However, I have been ridiculously productive with my writing projects over the last two weeks, so I am just writing this blog to congratulate myself. Taking into account I only really find the time to write three nights out of the week and very often I'm too tired to do it, and when I do sit down to do it, I either get stuck or am so disgusted by how rubbish something I have written previously is I close everything down and give up. I am pleased to report, that in the last two weeks, I have not done that. I have made real progress on one of the novels, writing myself out of a massive corner, and I have even started on a short story - the first non-novel project I have done in a year or so.

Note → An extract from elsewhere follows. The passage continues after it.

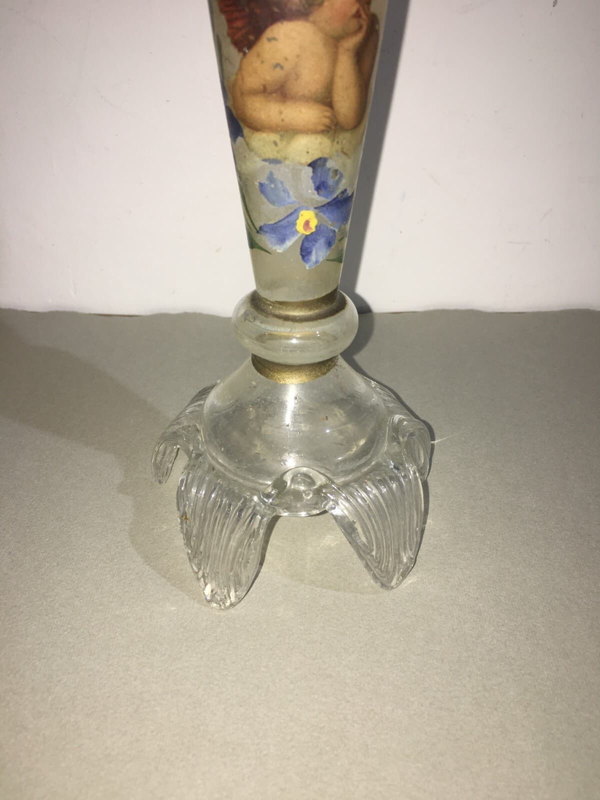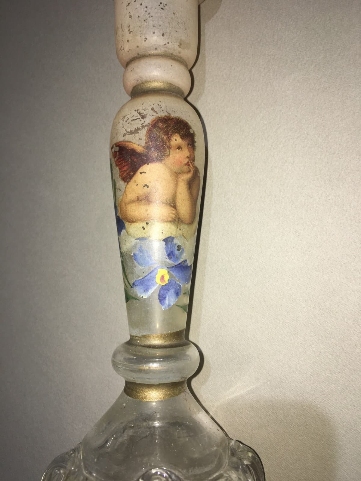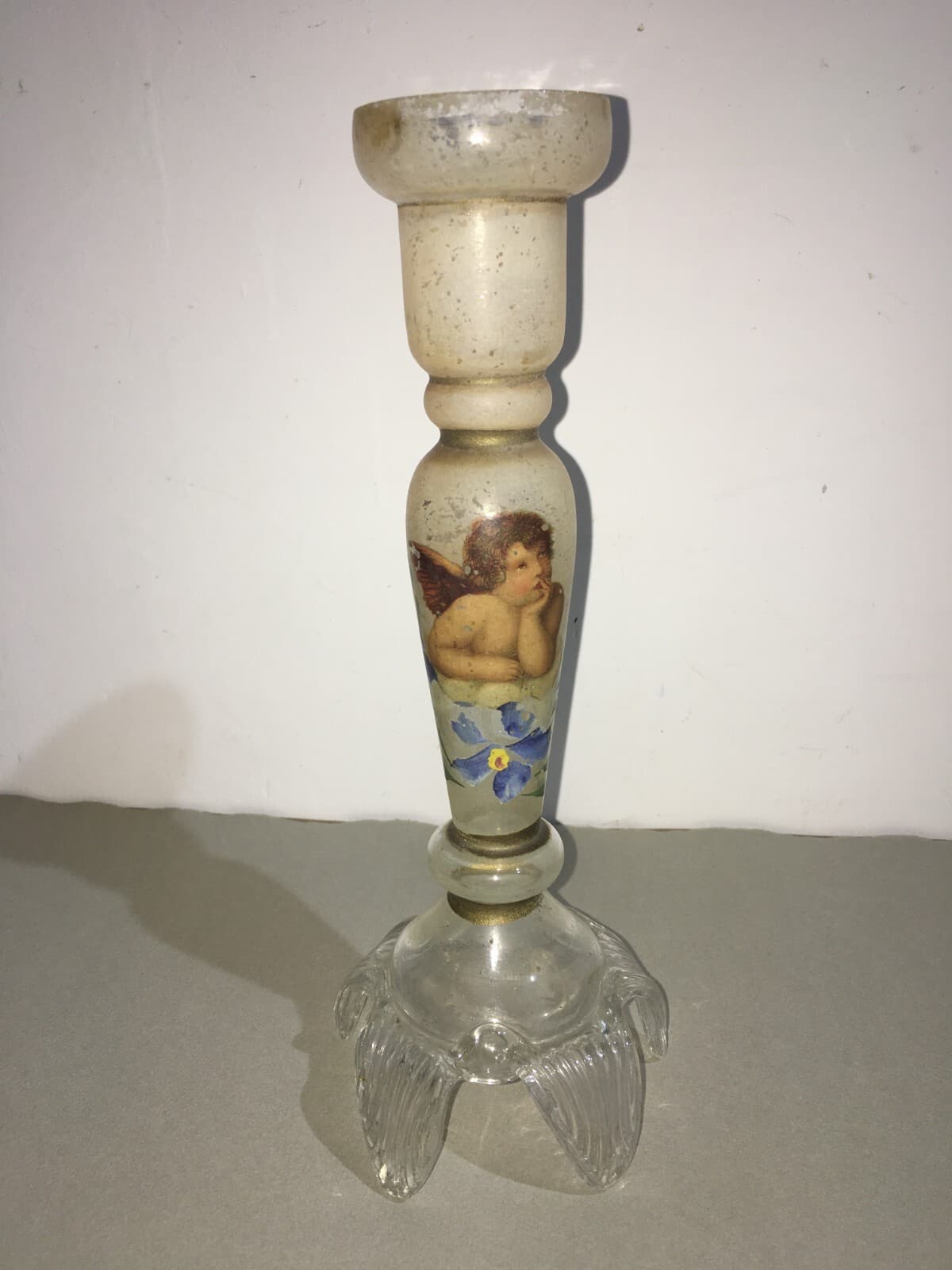 Candeliere In Vetro Decorato A Mano Con Motivi Floreali E Angioletto

Ernest Hemingway said "The first draft is always shit" and I think that has really helped me, because now I don't feel I have to make every sentence perfect before I move on. The other phrase which is helping me I can't attribute to anyone in particular, and it is "write through the shite". I can always go back and fix it later, and I will have to do a second and maybe even third draft in any case. Anyway, if I can just keep up this rash of productivity then I will one day be able to sell some books, quit my job and live on a yacht.

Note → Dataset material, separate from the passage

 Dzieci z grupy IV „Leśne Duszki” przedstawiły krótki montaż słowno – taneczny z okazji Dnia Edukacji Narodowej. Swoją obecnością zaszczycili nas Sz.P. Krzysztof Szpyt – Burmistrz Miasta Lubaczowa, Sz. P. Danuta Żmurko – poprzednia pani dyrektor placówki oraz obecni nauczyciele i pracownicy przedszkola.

Saturday, December 05, 2009

Spain's Cruzcampo



(Pictured: The jolly little Spaniard couldn't give two shits whether you like his beer or not.)

Although I'm still officially suffering from Threebola (like Ebola, but three times worse) but I'm now off tenecilin (like penicilin but ten times more powerful) so I can enjoy a cerveza or two again. This time, it's Spain's Cruzcampo that is under scrutiny. I must confess, this is not the first time I have had a Cruzcampo - they have it on draft at the Hub in Edinburgh, and the pint I had was decidedly minging. However, I'm not one to deny a beer a second chance, so I am sitting down with one just now. It's the type of beer, I think, that really needs to be got out of a bottle - it's a pilsner with a sharp taste that just seems soapy and kind of acrid out of the tap. Or maybe I just got a bad pint, I don't know. Using my complimentary Cruzcampo glass (complete with a picture of a smiling raffish early-modern chap with a feathered cap leaning jauntily on a barrel and drunkenly raising a flagon of beer, always a winner), it's a much more pleasant drinking experience. It has a deep, wholemeal-bready flavour, and just a bit of an aftertaste. It's another 5 per center, but it still tastes pretty light, and in colour it's a very light yellow. I would draw comparisons with San Miguel, or even Kronenbourg 1664, while keeping in mind that Cruzcampo is probably a superior beverage to both. Not bad at all, and I will give the Hub's pints another try.

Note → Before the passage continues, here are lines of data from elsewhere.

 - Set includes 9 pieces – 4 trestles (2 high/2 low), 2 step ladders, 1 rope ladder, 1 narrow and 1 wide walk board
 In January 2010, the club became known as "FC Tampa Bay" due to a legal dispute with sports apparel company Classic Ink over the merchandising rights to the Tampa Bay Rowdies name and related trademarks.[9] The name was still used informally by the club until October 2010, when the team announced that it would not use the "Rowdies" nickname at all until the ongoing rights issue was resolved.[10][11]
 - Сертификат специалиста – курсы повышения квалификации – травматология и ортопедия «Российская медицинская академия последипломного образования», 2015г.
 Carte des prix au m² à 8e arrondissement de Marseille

On another beer related note, I found a specialty beer store in York last week and came away with a few bottles of my old friends Brooklyn, Tusker and Keo. I polished off the Keo last night while watching True Blood, but I'm waiting for some sort of sporting event with hot dogs before I touch the Brooklyn. Man, I love beer.

Thursday, November 26, 2009

Columns from last while...


(Meades: "Somewhere on the spectrum" according to my ever politically correct mother.)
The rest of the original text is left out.